Why shouldn’t you trust your money to a broker or agent who claims to be able to successfully pick winning stocks or funds?

Let’s say you have $100,000 to invest. An investment manager – a mutual fund manager, stock broker or private account manager – will offer, for a fee, to manage your money. That’s active professional investment management. The typical fee for this management is 1 percent of the account’s balance per year, but this rate can vary widely and often runs up to 1.5 to 2 percent. Mutual fund managers typically take their fee daily, while private money manager usually bill quarterly.

Why would you agree to pay? What are you paying for? Going down this path requires that you pay, without regard to results. On a $100,000 balance, at 1 percent, you’re agreeing to pay $1,000 per year, period. For what? The manager will say it’s for “professional management”, but there is no universal definition for professional management. The fact is that you’re agreeing to pay for something without any real knowledge about what you’ll get in return. You’re making an expensive bet, and like all bets, you shouldn’t make it unless you know its odds.

You have the option of investing in the market its self through index funds, like the funds offered in your TSP account. My aggressive advocacy for the TSP over past fifteen, or so, years is largely based upon its use of index funds. Index funds give you lowest cost access to the investment risk and return of the entire investment market, or any sub-market you might want, in a single security. In the TSP, you can invest in the stock and bond markets, easily and almost for free. If the S&P 500 index of stocks goes up by 10 percent next year, your C Fund shares will increase in value by that same 10 percent, less the tiny 0.05 percent they bear. You’ll realize a 9.95 percent return. If, instead, you invest in that same market and pay 1 percent in management fees, your realized return will drop to 9.0 percent, a decrease of nearly 9.5 percent compared to the C Fund. The extra 0.95 percent fee you pay for active investment management – stock picking and timing – becomes a hurdle that must be overcome by the manager just to break even with the C Fund. You will lose money by paying for active investment management unless the manager is successful enough to make it over the cost hurdle.

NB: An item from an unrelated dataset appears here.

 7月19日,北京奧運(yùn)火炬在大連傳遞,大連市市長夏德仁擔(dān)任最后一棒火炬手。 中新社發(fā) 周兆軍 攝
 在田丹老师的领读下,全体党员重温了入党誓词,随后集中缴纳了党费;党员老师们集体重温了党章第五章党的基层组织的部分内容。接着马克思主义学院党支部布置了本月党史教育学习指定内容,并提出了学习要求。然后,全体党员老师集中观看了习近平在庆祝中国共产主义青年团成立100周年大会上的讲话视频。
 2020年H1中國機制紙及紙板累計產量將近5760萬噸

The cost of active professional investment management is 100 percent certain. You will pay,
regardless of the manager’s performance. But, what are the odds of the bet paying off – the
odds that the manager will produce enough return, above what the market produces on its own,to overcome the fee you’ve paid? It’s hard to say. The investment management business is frustratingly opaque and verified long-term track records are rare. What is there, however, isn’t inspiring. Charles D. Ellis, a leading institutional investing consultant, and author of “Winning the Loser’s Game”, research the track record for mutual fund managers and found that 60 percent failed to clear the hurdle in any given year, 70 percent failed over 10 years, and 80 percent failed over 20 years. He found that before accounting for cost of fees, active professional management is about as likely to lag the market as to beat it. Why is this? Why can’t the best minds in the investing world, with the best resources and access to information and analysis reliably beat the market? The answer is actually fairly simple, and the results just what we should expect.

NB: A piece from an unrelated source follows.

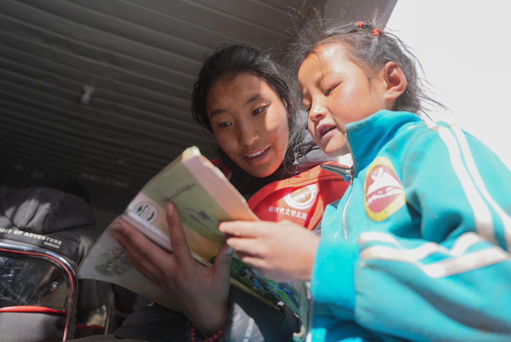 1月25日,在定日縣曲洛鄉(xiāng)熱木青村安置點,大學生志愿者在安置點在給孩子們輔導功課。新華社記者 晉美多吉 攝
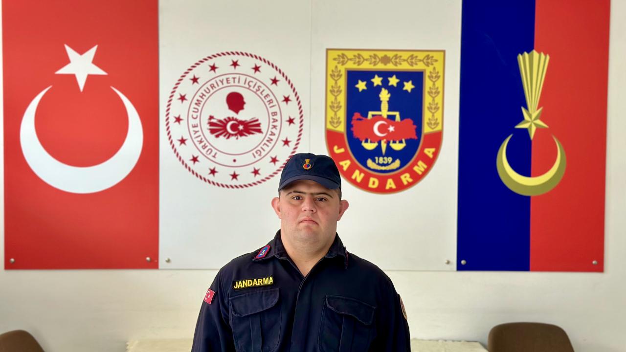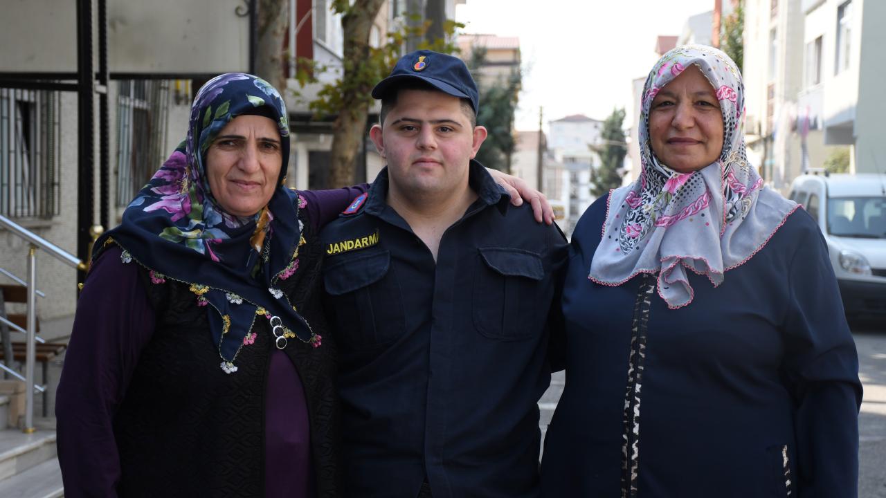 Kocaeli'nin Gebze ilçesinde Down sendromlu Burak Karaçam'ı, İlçe Jandarma Komutanlığı bir günlük temsili askerlik yaptırarak hayalini kurduğu üniformaya kavuşturdu.

Investing is a zero-sum game. Take the S&P 500 index tracked by the C Fund as an example. That market for the stocks of 500 leading U. S. based corporations will produce some return over the coming 12 months. You can own very nearly all of this return by investing in the C Fund. And, this return is the aggregate return for all of the investments in this market. The market is the investors. And, like a poker game, every dollar made by one investor is a dollar taken from another. If the S&P 500 produces a 10 percent return for the year, that’s the average return all the investments made in that market during the year. For every investor who makes more than 10 percent, there must be another who makes less. For everyone who beats the market, there must be someone who lags it. The investment markets are a competitive game for profits that is dominated by professional institutional investment managers. For any of these managers to consistently win the game, year after year, they would have to corner the market on some special skill or resource. They would need to be, in effect, the best player in the game.

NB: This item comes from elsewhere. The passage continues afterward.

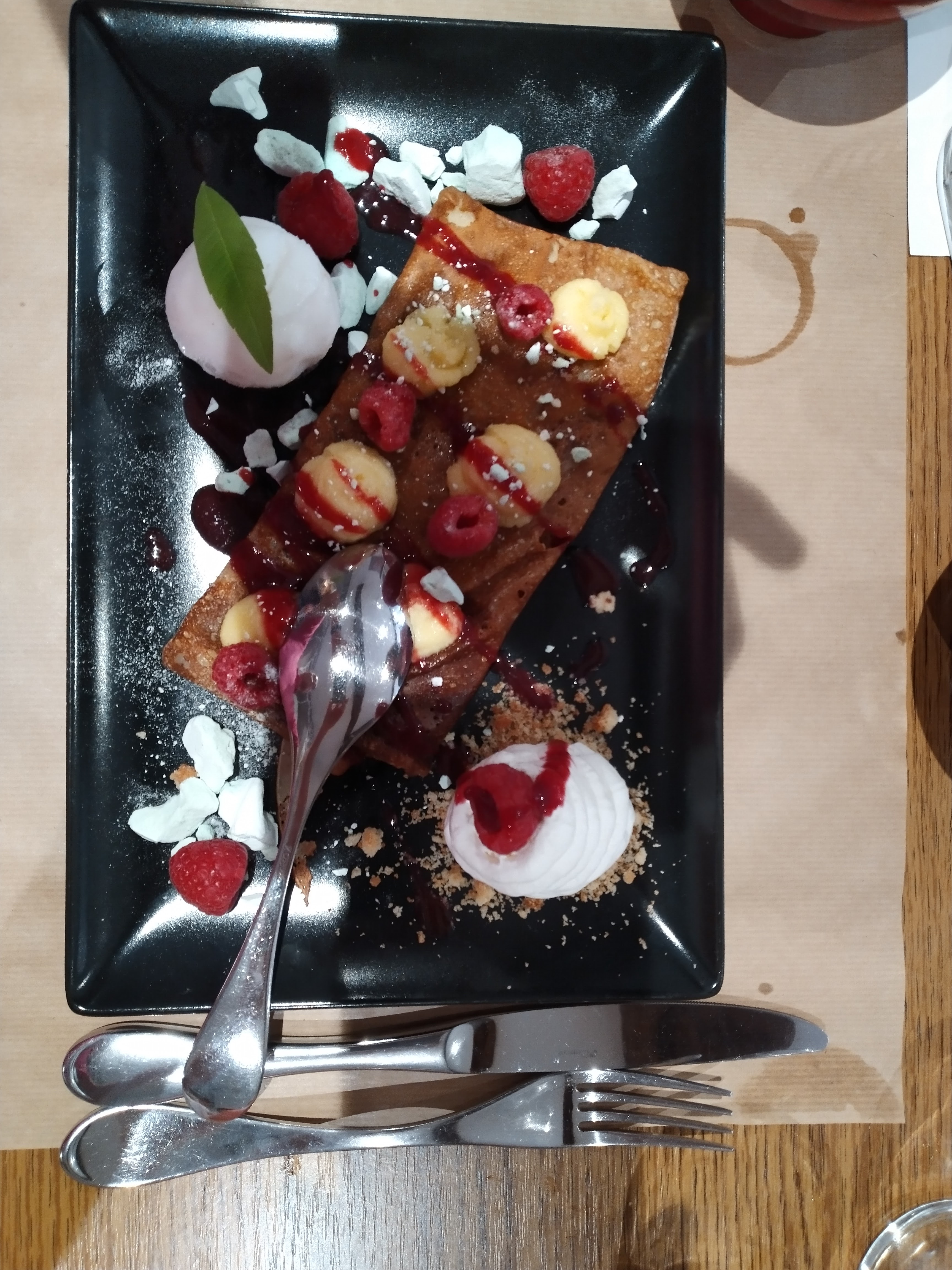 De très bonnes crêpes, original et belle présentation. Bon accueil, service rapide, jolie endroit et convivial. Je recommande 👍

Among the large institutional investment managers, the playing field is remarkably level. This is because there is plenty of talent available and the market for this talent efficiently spreads it around. Every year, there will be winners who beat the market average, and losers who lag it. Accurately predicting who will win or lose, and when, is impossible, and in the end it’s up to chance. Over 20 years, any professional manager will win some years and lose some. In the end, the wins and losses will tend to even out and a good manager’s performance will likely wind up matching the market’s average, before costs and fees.

After costs and fees, all portfolios are more likely to lag the market than to beat, or even match it. The expected return for any portfolio, managed or index, is the market’s return for the period, minus the costs and fees. So, the smart bet is on the investment portfolio with the lowest cost, and on this measure the TSP can’t be beaten.